Exchange DAG Cluster Service Terminated with Error 7024

I ran into an interesting issue at a client site yesterday on an Exchange 2010 SP1 DAG member.  One DAG member’s databases would not mount (even Public Folders) and the Cluster service would not start.  The DAG is configured as a three member stretched DAG, with two nodes in the main site and another in the DR site.



The event IDs logged were:



Log Name:      System
Source:        Service Control Manager
Date:          10/23/2011 12:07:44 AM
Event ID:      7024
Task Category: None
Level:         Error
Keywords:      Classic
User:          N/A
Computer:      EX03.domain.local
Description:
The Cluster Service service terminated with service-specific error Log service encountered an invalid log block..



Log Name:      System
Source:        Microsoft-Windows-FailoverClustering
Date:          10/23/2011 12:00:43 AM
Event ID:      1177
Task Category: Quorum Manager
Level:         Critical
Keywords:     
User:          SYSTEM
Computer:      EX03.domain.local
Description:
The Cluster service is shutting down because quorum was lost. This could be due to the loss of network connectivity between some or all nodes in the cluster, or a failover of the witness disk.
Run the Validate a Configuration wizard to check your network configuration. If the condition persists, check for hardware or software errors related to the network adapter. Also check for failures in any other network components to which the node is connected such as hubs, switches, or bridges.



Log Name:      System
Source:        Microsoft-Windows-FailoverClustering
Date:          10/23/2011 12:00:43 AM
Event ID:      1135
Task Category: Node Mgr
Level:         Critical
Keywords:     
User:          SYSTEM
Computer:      EX03.domain.local
Description:
Cluster node ‘EX02′ was removed from the active failover cluster membership. The Cluster service on this node may have stopped. This could also be due to the node having lost communication with other active nodes in the failover cluster. Run the Validate a Configuration wizard to check your network configuration. If the condition persists, check for hardware or software errors related to the network adapters on this node. Also check for failures in any other network components to which the node is connected such as hubs, switches, or bridges.



Log Name:      System
Source:        Microsoft-Windows-FailoverClustering
Date:          10/23/2011 12:00:43 AM
Event ID:      1135
Task Category: Node Mgr
Level:         Critical
Keywords:     
User:          SYSTEM
Computer:      EX03.domain.local
Description:
Cluster node ‘EX01′ was removed from the active failover cluster membership. The Cluster service on this node may have stopped. This could also be due to the node having lost communication with other active nodes in the failover cluster. Run the Validate a Configuration wizard to check your network configuration. If the condition persists, check for hardware or software errors related to the network adapters on this node. Also check for failures in any other network components to which the node is connected such as hubs, switches, or bridges.
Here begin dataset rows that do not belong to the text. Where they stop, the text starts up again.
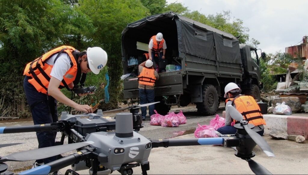 บริษัท สไกลเลอร์ โซลูชั่นส์ จำกัด หรือ สไกลเลอร์ โซลูชั่นส์ (Skyller Solutions) ผู้เชี่ยวชาญด้านการให้บริการอากาศยานไร้คนขับ (UAV) หรือ โดรน ในกลุ่มของบริษัท เอไอ แอนด์ โรโบติกส์ เวนเจอร์ส จำกัด หรือ เออาร์วี (ARV) ร่วมกับบริษัท ปตท.สำรวจและผลิตปิโตรเลียม จำกัด (มหาชน) หรือ ปตท.สผ. (PTTEP) เล็งเห็นถึงความเดือดร้อนของประชาชนในพื้นที่ภาคใต้ โดยเฉพาะในพื้นที่ “สีแดง” หรือพื้นที่เฝ้าระวังที่รถยนต์และเรือท้องแบนเริ่มพบข้อจำกัด จึงนำเทคโนโลยี”โดรนเพื่อการขนส่ง” (Delivery Drone) และ “โดรนเพื่อการสำรวจและเฝ้าระวัง” ((Surveillance Drone) เข้ามาเสริมทัพ สนับสนุนภารกิจส่งมอบความช่วยเหลือผ่านศูนย์บรรเทาสาธารณภัย มณฑลทหารบกที่42 ค่ายเสนาณรงค์ จังหวัดสงขลา ช่วยลำเลียงถุงยังชีพและเวชภัณฑ์ส่งตรง ถึงมือผู้ประสบภัยในจุดที่เข้าถึงได้ยาก เพื่อแก้ปัญหาความล่าช้าและลดความเสี่ยงให้ทีมกู้ภัยหน้างาน
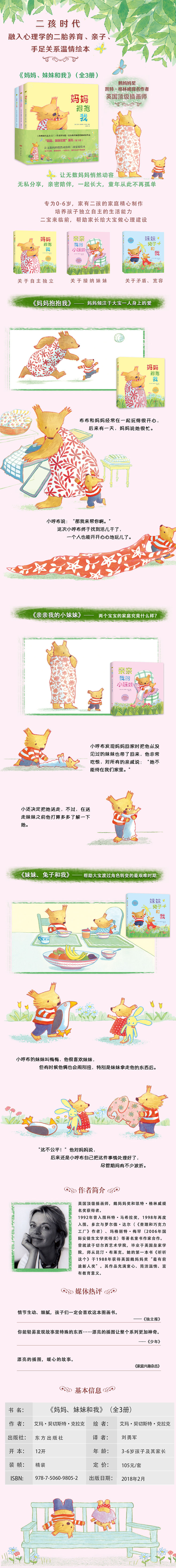 《妈妈、妹妹和我》(全3册) 让无数妈妈悄然动容的二孩家庭绘本。唤醒父母对大宝的心理关怀,让兄弟姐妹和谐相处
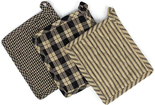 Each potholder is about 1/4 inch thick and made of 100% natural cotton, unlike those pot holders made of synthetic materials that will melt or burn when exposed to high heat.
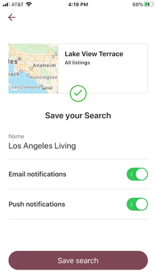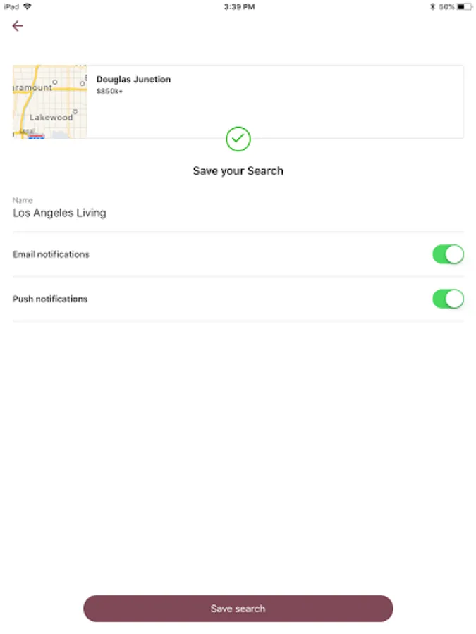 - Receive notifications from saved searches and favorited listing updates
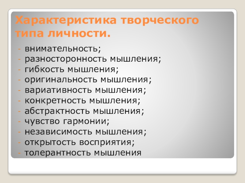 Аналитические компоненты - соответственно понятийно- логическое мышление - логичность, подвижность, избирательность, ассоциативность, сообразительность, способность дифференцировать и т.д.;
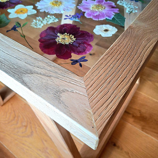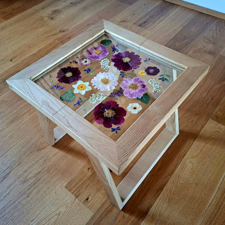 Květinový stolek je vlastně takové rozšíření našich květinových obrazů. Korpus stolku je vyrobený z poctivého masivního dřeva. Tentokrát jsme sáhli po drásaném dubu, který je, jako u nás vždy, ošetřený pouze přírodním olejem. Nožky jsou pro lepší stabilitu lehce zkosené a ze spodu opatřené gumovými polepy, takže nekloužou po podlaze. Deska stolku je tvořena dvěma silnými skleněnými deskami, které jsou bezpečně zakotvené v horním rámu stolku. No a mezi sklem jsou již tradičně vložené vylisované květiny. Jako by se vznášely v prostoru. Jsou nalepené na spodní skleněnou desku a zakryté vrchní skleněnou deskou, takže se při manipulaci se stolkem nepohnou a jsou chráněné proti prach nebo poškození.
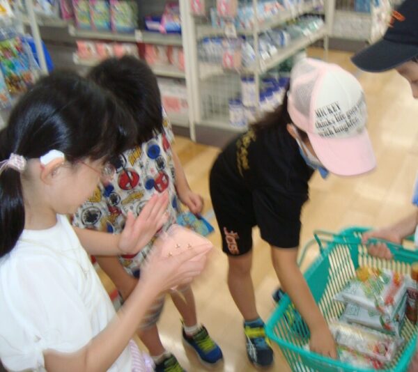 ために山梨市にあるベイシアに行き、働く人の仕事内容や工夫について一緒に学習しました。買い物体験もしました。

The cluster failed when two of the three DAG members (EX01 and EX02) went offline at 12:00:43 AM due to a network failure in the active site.  For some reason, this corrupted the CLUSDB.BLF file on the member in the DR site which prevented that node from coming online when the network came back up.  CLUSDB.BLF is a CLFS Base Log File used by the cluster service which contains metadata that is used to manage access to the log data. 



To correct the problem, navigate to the %WINDIR%\Cluster folder and rename CLUSDB.BLF to CLUSDB.BLF.OLD.  Then restart the Exchange server.  The cluster service will generate a new CLUSDB.BLF file on restart.  The cluster service will be able to start and the databases will mount.